Restaurato il Monumento ai Caduti di Strassoldo: 70 anni di storia e memoria

A settant’anni dalla sua inaugurazione, il Monumento ai Caduti di Strassoldo torna a essere un punto di riferimento per la memoria storica e civile della comunità. L’opera restaurata è stata inaugurata nel corso di una partecipata cerimonia alla presenza di autorità civili, associazioni d’arma e numerosi cittadini.

L’intervento è stato realizzato grazie al contributo della Regione Friuli Venezia Giulia, concesso attraverso la legge regionale 3 del 2025.

Bordin: “Un gesto che rinnova il dovere di onorare i caduti”

Alla cerimonia è intervenuto il presidente del Consiglio regionale del Friuli Venezia Giulia, Mauro Bordin, che ha sottolineato il valore simbolico e storico dell’opera. “Ricordo, impegno, testimonianza e insegnamento: sono i valori che questo monumento continua a trasmettere”, ha dichiarato Bordin. “Il restauro va ben oltre il recupero materiale dell’opera: è un gesto che rinnova il dovere di onorare i nostri caduti, uomini che hanno combattuto per la patria in guerre che non avevano scelto. Dietro quei nomi c’è una sofferenza che non può essere dimenticata”.

Il monumento venne inaugurato il 9 dicembre 1956, su iniziativa di un comitato promotore nel quale ebbe un ruolo determinante il parroco don Rino Pizzolini. L’opera sorge addossata al muro dove, durante la Seconda guerra mondiale, furono fucilati nove partigiani, una circostanza che conferisce al luogo un profondo valore storico e civile.

Particolarmente significativa anche la storia del progetto. Il disegno del monumento fu infatti scelto attraverso un concorso rivolto agli alunni della scuola di Strassoldo. A vincere fu Anna Andreatta, il cui elaborato diventò il modello utilizzato per la successiva realizzazione dell’opera.

Bordin ha richiamato il significato storico del luogo, sottolineando come il monumento rappresenti “una delle pagine più dolorose della nostra storia” e debba continuare a trasmettere “i valori del rispetto, della lealtà, della convivenza civile e della pace alle nuove generazioni”.

Il ringraziamento agli alpini

Il presidente del Consiglio regionale ha inoltre rivolto un ringraziamento agli alpini per l’attività svolta a tutela della memoria e al servizio delle comunità.
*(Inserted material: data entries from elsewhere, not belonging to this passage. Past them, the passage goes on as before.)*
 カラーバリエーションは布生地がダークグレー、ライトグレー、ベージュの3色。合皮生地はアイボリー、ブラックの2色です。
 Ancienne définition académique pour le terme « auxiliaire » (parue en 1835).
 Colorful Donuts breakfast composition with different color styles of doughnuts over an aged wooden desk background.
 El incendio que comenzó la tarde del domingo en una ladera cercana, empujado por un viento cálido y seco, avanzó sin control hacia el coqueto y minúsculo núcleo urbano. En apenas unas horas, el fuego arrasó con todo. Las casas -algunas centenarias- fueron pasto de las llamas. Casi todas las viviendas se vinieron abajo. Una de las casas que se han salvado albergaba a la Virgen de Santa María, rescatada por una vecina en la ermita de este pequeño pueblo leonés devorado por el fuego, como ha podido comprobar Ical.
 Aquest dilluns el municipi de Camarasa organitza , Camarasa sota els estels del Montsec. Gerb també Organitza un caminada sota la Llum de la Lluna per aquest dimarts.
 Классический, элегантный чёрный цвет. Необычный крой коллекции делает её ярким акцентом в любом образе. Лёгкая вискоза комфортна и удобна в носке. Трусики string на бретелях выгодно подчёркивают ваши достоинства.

“Come Consiglio regionale abbiamo sostenuto con convinzione il loro impegno perché rappresentano un presidio fondamentale nelle nostre comunità. Sono protagonisti della vita sociale, custodiscono la memoria e contribuiscono a trasmettere valori importanti ai più giovani”.
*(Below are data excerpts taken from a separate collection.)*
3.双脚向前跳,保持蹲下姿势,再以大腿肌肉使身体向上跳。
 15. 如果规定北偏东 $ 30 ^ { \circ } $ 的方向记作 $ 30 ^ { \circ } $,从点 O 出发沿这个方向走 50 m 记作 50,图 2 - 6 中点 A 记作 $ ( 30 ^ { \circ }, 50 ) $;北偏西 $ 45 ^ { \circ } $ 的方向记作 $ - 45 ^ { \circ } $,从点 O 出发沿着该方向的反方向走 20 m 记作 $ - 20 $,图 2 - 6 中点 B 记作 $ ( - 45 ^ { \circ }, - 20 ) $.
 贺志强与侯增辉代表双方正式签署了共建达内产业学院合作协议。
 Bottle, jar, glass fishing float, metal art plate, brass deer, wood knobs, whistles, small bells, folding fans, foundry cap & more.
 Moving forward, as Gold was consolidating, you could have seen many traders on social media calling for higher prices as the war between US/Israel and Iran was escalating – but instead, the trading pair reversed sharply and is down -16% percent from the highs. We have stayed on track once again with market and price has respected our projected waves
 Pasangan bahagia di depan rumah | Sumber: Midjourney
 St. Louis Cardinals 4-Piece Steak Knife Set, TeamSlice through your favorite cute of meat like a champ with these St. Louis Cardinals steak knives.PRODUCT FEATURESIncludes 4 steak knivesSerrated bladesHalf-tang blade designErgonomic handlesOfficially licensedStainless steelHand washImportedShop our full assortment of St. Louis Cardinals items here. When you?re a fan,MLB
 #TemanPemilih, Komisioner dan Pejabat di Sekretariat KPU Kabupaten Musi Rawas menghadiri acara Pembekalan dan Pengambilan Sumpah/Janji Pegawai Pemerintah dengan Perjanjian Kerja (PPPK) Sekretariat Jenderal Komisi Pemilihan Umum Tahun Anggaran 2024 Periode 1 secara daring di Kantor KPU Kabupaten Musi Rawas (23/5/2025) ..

Alla cerimonia erano presenti anche i consiglieri regionali Alberto Budai, Francesco Martines, Markus Maurmair e Igor Treleani, oltre all’assessore Alberto Rigotto, intervenuto in rappresentanza del Comune di Cervignano del Friuli. Nel corso dell’evento Rigotto ha consegnato il sigillo della Città al gruppo Ana Strassoldo-Aiello-Joannis, riconoscendone l’impegno e il ruolo svolto nel territorio.

A ripercorrere la storia del monumento e il suo legame con la comunità è stato Stefano Perini, capogruppo dell’Ana locale, che ha ricordato le vicende che portarono alla realizzazione dell’opera e il significato che continua a rappresentare per Strassoldo e per l’intero territorio. La cerimonia si è conclusa con la benedizione del monumento restaurato, impartita da don Sinuhe Marotta, accompagnata dalle esecuzioni della banda Mandamentale di Cervignano del Friuli.